§ WORK INSTRUCTIONS: Copy out the data word for word, without any of its pictures.

§ SUPPLIED MATERIAL:
┌──
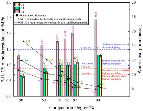 The UCS values of the G2, G3, and G4 are shown in Figure 6. The G2, G3, and G4 have different 7d UCS values in different compaction degrees. According to JTG/T F20-2015 [35] (Technical Guidelines for Construction of Highway Roadbases) and the strength requirements of different structural layers under different traffic levels of the highway, suitable mix proportions can be selected. The UCS of the G2, G3, and G4 increases continuously with the increase of compaction degree. With the compaction degree increasing from 90% to 100%, the UCS of G2, G3, and G4 increases by 102%, 97%, and 88%, respectively. The UCS of the G4 is the highest, significantly higher than that of the G2 and G3 by 80–140%. The UCS of the G2 and G3 are basically the same at different compaction degrees, indicating that adding 6% cement and 8% lime to the SRS has similar effects on the UCS.
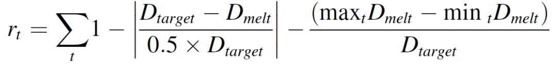 公式(2.12)和(2.13)中,v 和 P 分别表示基于规定动作的速度和功率。奖励函数量化了控制策略在一个 episode 中的性能,奖励定义为目标熔化深度和当前深度之间的绝对误差。此外,还增加了一个避免 “欺骗(cheating)” 的正则化项,该正则化项的作用是惩罚在 episode 期间观察到的最小和最大熔融深度之间的距离,从而避免可能导致熔融深度突然峰值的异常策略。
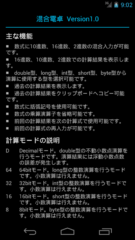 混合電卓Free - 2進数,10進数,16進数電卓 - 1.2
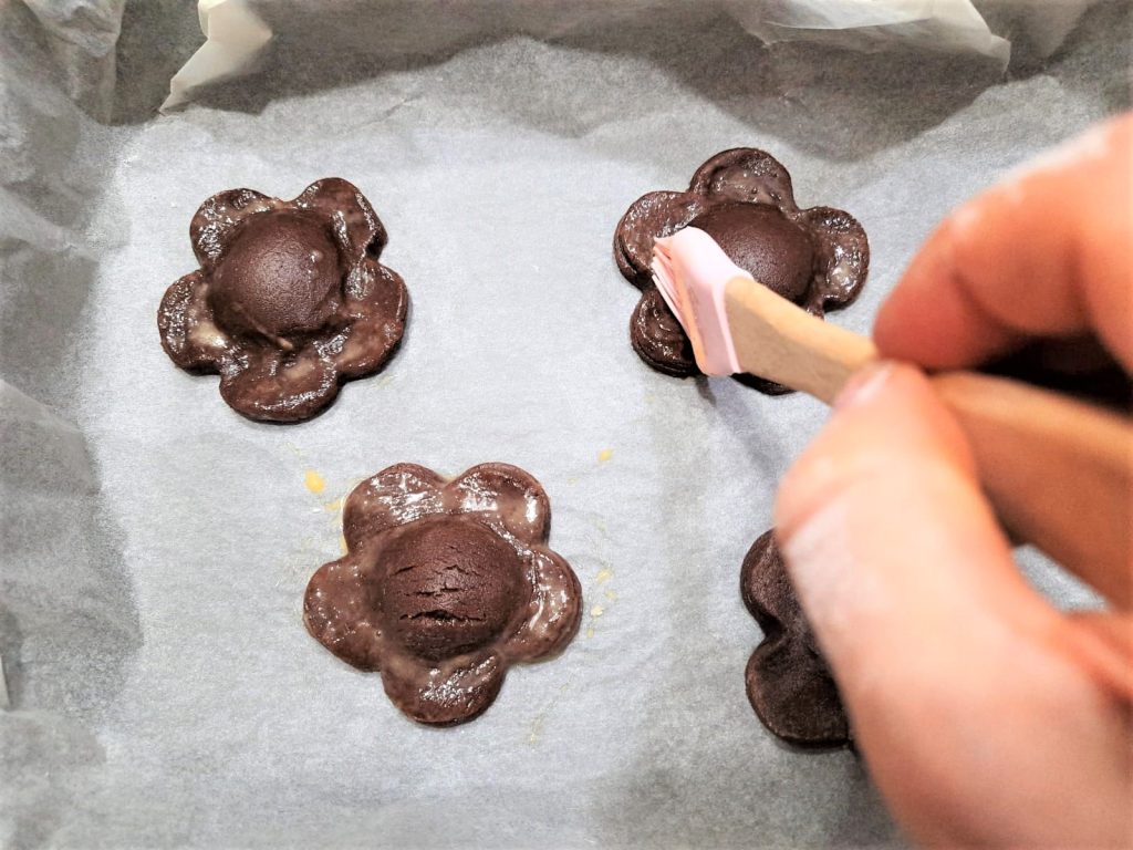 Bei Raumtemperatur trocknen lassen, bevor die Kekse auf ein Tablett gelegt werden.
└──
§ COMPLETED TASK:
 The UCS values of the G2, G3, and G4 are shown in Figure 6. The G2, G3, and G4 have different 7d UCS values in different compaction degrees. According to JTG/T F20-2015 [35] (Technical Guidelines for Construction of Highway Roadbases) and the strength requirements of different structural layers under different traffic levels of the highway, suitable mix proportions can be selected. The UCS of the G2, G3, and G4 increases continuously with the increase of compaction degree. With the compaction degree increasing from 90% to 100%, the UCS of G2, G3, and G4 increases by 102%, 97%, and 88%, respectively. The UCS of the G4 is the highest, significantly higher than that of the G2 and G3 by 80–140%. The UCS of the G2 and G3 are basically the same at different compaction degrees, indicating that adding 6% cement and 8% lime to the SRS has similar effects on the UCS.
 公式(2.12)和(2.13)中,v 和 P 分别表示基于规定动作的速度和功率。奖励函数量化了控制策略在一个 episode 中的性能,奖励定义为目标熔化深度和当前深度之间的绝对误差。此外,还增加了一个避免 “欺骗(cheating)” 的正则化项,该正则化项的作用是惩罚在 episode 期间观察到的最小和最大熔融深度之间的距离,从而避免可能导致熔融深度突然峰值的异常策略。
 混合電卓Free - 2進数,10進数,16進数電卓 - 1.2
 Bei Raumtemperatur trocknen lassen, bevor die Kekse auf ein Tablett gelegt werden.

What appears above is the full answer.